━━ Exercise data ━━

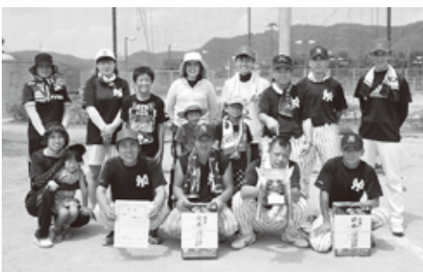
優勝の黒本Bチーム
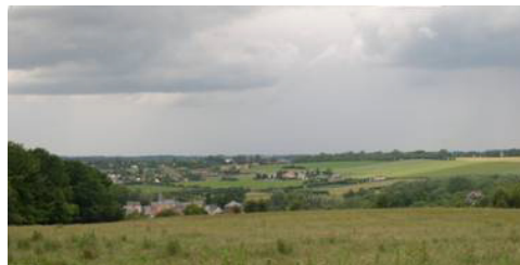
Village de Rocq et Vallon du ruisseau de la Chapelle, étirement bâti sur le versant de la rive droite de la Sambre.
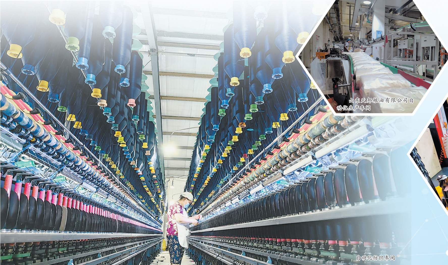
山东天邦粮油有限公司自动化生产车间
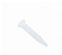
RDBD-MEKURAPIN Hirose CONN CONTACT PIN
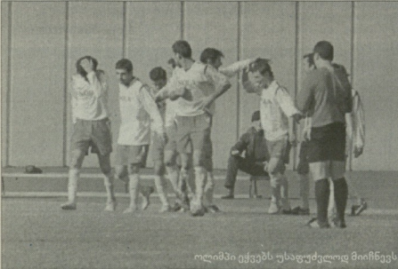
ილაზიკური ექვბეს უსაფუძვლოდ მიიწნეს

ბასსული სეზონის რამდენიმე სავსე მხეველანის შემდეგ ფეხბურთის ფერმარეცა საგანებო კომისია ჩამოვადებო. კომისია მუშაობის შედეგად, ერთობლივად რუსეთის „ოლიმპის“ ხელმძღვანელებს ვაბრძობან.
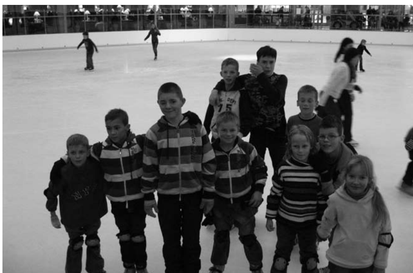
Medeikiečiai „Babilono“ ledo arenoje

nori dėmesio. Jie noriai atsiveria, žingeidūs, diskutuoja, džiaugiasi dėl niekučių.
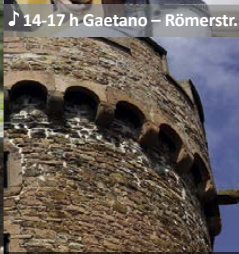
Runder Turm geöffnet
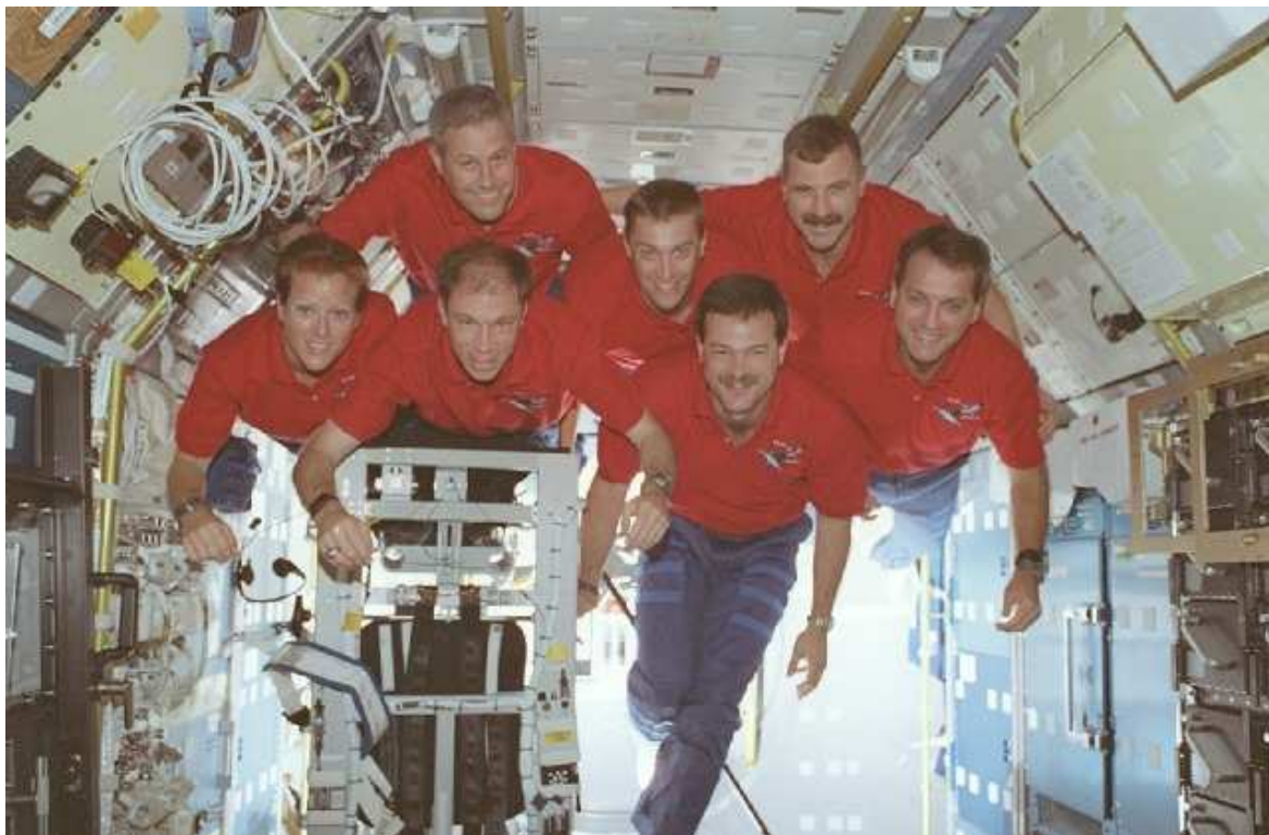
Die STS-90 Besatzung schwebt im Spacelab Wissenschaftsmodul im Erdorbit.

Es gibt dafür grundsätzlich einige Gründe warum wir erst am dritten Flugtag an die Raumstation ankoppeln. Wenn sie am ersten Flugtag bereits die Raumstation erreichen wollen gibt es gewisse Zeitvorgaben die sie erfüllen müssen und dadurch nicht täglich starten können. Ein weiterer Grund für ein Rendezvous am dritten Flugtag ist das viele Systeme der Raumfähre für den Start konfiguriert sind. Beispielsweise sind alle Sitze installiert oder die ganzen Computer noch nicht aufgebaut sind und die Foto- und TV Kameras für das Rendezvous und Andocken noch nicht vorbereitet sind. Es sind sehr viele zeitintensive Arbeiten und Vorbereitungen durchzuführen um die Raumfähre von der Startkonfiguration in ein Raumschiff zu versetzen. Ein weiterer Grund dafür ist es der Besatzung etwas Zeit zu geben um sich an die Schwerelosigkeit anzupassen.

━━━

§ **Task description**
The required result is an exact copy of the lines from the line containing "Runder Turm geöffnet" through the end of the entries, with every picture left out.

§ **Solution to this exercise**
Runder Turm geöffnet
Die STS-90 Besatzung schwebt im Spacelab Wissenschaftsmodul im Erdorbit.

Es gibt dafür grundsätzlich einige Gründe warum wir erst am dritten Flugtag an die Raumstation ankoppeln. Wenn sie am ersten Flugtag bereits die Raumstation erreichen wollen gibt es gewisse Zeitvorgaben die sie erfüllen müssen und dadurch nicht täglich starten können. Ein weiterer Grund für ein Rendezvous am dritten Flugtag ist das viele Systeme der Raumfähre für den Start konfiguriert sind. Beispielsweise sind alle Sitze installiert oder die ganzen Computer noch nicht aufgebaut sind und die Foto- und TV Kameras für das Rendezvous und Andocken noch nicht vorbereitet sind. Es sind sehr viele zeitintensive Arbeiten und Vorbereitungen durchzuführen um die Raumfähre von der Startkonfiguration in ein Raumschiff zu versetzen. Ein weiterer Grund dafür ist es der Besatzung etwas Zeit zu geben um sich an die Schwerelosigkeit anzupassen.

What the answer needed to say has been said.